# Forum Home Renovation Fences & Screens  Post holes into sandstone

## john777

Hi,
Can anyone advise best way to dig out approx. 200mm diameter x 600mm deep holes into solid sandstone ??.......I am building a boundary fence and have 5 post holes to dig into fairly hard sandsone. 
Have tried a iron bar normally used on soil / clay.....but is hard slow work into sandstone 
Would a jackhammer with a long pointy bit and also flat end bit get down far enough........or core drill ? The core drills from the local hire shop are only 50mm diameter max. so I would need to drill several holes and still use a iron bar ........any suggestions??? 
cheers  :Doh:

----------


## phild01

Maybe contact a local fencing guy who can core drill a larger hole for you.  BTW, why so deep?  If it is fairly deep sandstone, your posts need not be so far down.

----------


## intertd6

The idea is not to dig holes in sandstone if you don't have to, a method is to use deep chemical anchors into the sandstone & angle brackets fixed to every face of the post.
regards inter

----------


## SilentButDeadly

There's no need to be bigger than 50mm diameter.  More than enough for a bit of steel to bolt a fence post to.  Failing that even threaded rod & Chemset holding an L bracket would work too.  Putting timber into a hole in sandstone is like putting a pine post into a fish tank...

----------


## phild01

Do a gal posts (inside and out) into core drilled holes, best result.

----------


## Pulse

eBay some imported core drills and use a cheap rotary hammer, I cored 110mm diameter into a concrete retaining wall, then use a structural grout ( bunnings has a lanko one) to set the posts, only need to go down 100-200mm.

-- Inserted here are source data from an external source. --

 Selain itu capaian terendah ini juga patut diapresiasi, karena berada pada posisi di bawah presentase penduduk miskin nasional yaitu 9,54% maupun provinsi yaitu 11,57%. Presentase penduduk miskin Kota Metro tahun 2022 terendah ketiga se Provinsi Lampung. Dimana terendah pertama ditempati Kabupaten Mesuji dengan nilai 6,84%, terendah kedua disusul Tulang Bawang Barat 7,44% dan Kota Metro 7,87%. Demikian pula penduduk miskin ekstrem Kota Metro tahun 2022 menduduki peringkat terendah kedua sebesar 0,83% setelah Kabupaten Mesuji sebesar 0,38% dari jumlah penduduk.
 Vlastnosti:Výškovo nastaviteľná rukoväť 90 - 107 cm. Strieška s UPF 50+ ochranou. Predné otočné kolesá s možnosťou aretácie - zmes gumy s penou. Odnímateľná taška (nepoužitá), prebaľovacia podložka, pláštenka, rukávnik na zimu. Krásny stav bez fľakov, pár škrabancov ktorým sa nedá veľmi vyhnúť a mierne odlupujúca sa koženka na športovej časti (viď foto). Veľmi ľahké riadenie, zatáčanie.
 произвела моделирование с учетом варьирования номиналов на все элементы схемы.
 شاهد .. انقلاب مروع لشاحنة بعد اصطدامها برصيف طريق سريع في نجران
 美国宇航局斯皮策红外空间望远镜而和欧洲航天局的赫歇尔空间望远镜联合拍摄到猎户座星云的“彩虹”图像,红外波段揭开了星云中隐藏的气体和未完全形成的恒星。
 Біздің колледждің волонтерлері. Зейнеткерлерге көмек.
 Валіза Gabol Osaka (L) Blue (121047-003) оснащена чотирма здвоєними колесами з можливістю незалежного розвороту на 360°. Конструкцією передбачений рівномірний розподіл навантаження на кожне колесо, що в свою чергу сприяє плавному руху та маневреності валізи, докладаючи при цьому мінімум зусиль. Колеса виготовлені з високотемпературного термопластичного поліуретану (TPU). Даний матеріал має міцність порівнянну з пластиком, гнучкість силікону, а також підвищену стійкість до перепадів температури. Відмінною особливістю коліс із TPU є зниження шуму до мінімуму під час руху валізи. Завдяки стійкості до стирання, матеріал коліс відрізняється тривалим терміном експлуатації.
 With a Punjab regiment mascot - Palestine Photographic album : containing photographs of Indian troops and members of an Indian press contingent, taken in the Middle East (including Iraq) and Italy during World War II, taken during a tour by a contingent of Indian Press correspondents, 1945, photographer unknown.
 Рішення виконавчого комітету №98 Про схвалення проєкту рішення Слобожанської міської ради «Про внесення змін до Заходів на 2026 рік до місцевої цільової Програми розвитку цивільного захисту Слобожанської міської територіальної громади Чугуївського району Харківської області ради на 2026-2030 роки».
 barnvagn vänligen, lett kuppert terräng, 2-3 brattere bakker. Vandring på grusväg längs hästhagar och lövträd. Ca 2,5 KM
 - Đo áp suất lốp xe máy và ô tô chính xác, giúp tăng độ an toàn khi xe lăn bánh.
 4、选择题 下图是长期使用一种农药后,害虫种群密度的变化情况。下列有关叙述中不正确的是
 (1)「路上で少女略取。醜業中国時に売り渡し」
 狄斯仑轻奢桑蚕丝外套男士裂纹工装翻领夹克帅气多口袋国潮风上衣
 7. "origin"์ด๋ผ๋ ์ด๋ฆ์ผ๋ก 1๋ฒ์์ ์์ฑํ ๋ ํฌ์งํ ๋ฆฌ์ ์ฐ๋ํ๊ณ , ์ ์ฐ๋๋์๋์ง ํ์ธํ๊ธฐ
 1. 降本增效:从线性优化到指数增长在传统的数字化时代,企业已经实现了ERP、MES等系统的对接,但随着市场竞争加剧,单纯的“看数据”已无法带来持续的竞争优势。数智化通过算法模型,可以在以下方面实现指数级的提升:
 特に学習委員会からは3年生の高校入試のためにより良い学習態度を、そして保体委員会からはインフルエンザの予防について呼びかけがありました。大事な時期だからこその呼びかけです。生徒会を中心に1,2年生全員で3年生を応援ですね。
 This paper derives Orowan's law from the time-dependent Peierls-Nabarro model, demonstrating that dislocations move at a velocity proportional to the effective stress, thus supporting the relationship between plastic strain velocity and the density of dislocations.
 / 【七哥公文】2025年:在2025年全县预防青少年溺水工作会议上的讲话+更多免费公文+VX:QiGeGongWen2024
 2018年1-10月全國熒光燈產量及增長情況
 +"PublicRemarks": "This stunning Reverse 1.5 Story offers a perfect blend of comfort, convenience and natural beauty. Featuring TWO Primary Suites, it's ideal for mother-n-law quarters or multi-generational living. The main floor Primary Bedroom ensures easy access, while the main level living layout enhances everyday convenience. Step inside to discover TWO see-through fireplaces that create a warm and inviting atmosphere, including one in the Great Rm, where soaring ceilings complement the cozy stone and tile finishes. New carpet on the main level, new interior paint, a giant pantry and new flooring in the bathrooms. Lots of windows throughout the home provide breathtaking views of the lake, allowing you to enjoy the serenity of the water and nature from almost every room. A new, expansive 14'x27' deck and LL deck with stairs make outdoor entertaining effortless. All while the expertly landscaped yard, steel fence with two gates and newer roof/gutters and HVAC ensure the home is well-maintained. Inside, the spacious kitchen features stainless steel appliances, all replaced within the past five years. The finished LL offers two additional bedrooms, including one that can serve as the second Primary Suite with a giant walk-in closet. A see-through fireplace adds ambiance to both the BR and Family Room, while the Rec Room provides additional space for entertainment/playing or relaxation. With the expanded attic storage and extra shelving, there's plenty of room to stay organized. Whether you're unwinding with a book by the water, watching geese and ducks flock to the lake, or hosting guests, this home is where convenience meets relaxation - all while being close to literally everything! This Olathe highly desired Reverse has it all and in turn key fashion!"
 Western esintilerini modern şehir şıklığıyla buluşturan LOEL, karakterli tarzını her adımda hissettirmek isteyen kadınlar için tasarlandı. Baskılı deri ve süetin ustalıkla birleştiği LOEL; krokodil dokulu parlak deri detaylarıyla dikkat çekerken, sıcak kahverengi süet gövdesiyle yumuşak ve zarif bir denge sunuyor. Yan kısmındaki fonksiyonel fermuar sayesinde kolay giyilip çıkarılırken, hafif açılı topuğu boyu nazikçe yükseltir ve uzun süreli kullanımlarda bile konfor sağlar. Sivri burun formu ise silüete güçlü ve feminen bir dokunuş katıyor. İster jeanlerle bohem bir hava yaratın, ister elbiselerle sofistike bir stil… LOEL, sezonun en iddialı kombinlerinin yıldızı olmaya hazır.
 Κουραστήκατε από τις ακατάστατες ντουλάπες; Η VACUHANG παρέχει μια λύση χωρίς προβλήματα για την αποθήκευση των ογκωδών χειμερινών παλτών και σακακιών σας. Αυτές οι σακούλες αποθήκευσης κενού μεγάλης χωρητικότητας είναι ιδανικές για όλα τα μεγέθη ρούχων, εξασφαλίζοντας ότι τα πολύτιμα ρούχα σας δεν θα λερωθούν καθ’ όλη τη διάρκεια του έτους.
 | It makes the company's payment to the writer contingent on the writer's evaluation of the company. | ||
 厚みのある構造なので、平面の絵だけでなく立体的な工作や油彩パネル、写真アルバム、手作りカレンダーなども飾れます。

Use brackets like other suggested as an alternative.
cheers
Pulse

----------


## phild01

> eBay some imported core drills and use a cheap rotary hammer, I cored 110mm diameter into a concrete retaining wall, then use a structural grout ( bunnings has a lanko one) to set the posts, only need to go down 100-200mm. Use brackets like other suggested as an alternative.
> cheers
> Pulse

   I ruined two cheap rotary drills with the core drills.  Be very wary of the kick using large diameter bores.  My sandstone is very hard (ironstone)! The structural non shrink grout is worth the go.

----------


## Pulse

I killed one when I hit 12mm reo, it did cut through it though. Plenty of water and patience. You could also get someone in to core drill it, but this is a DIY forum!

----------


## phild01

Yes, keep the water up.

----------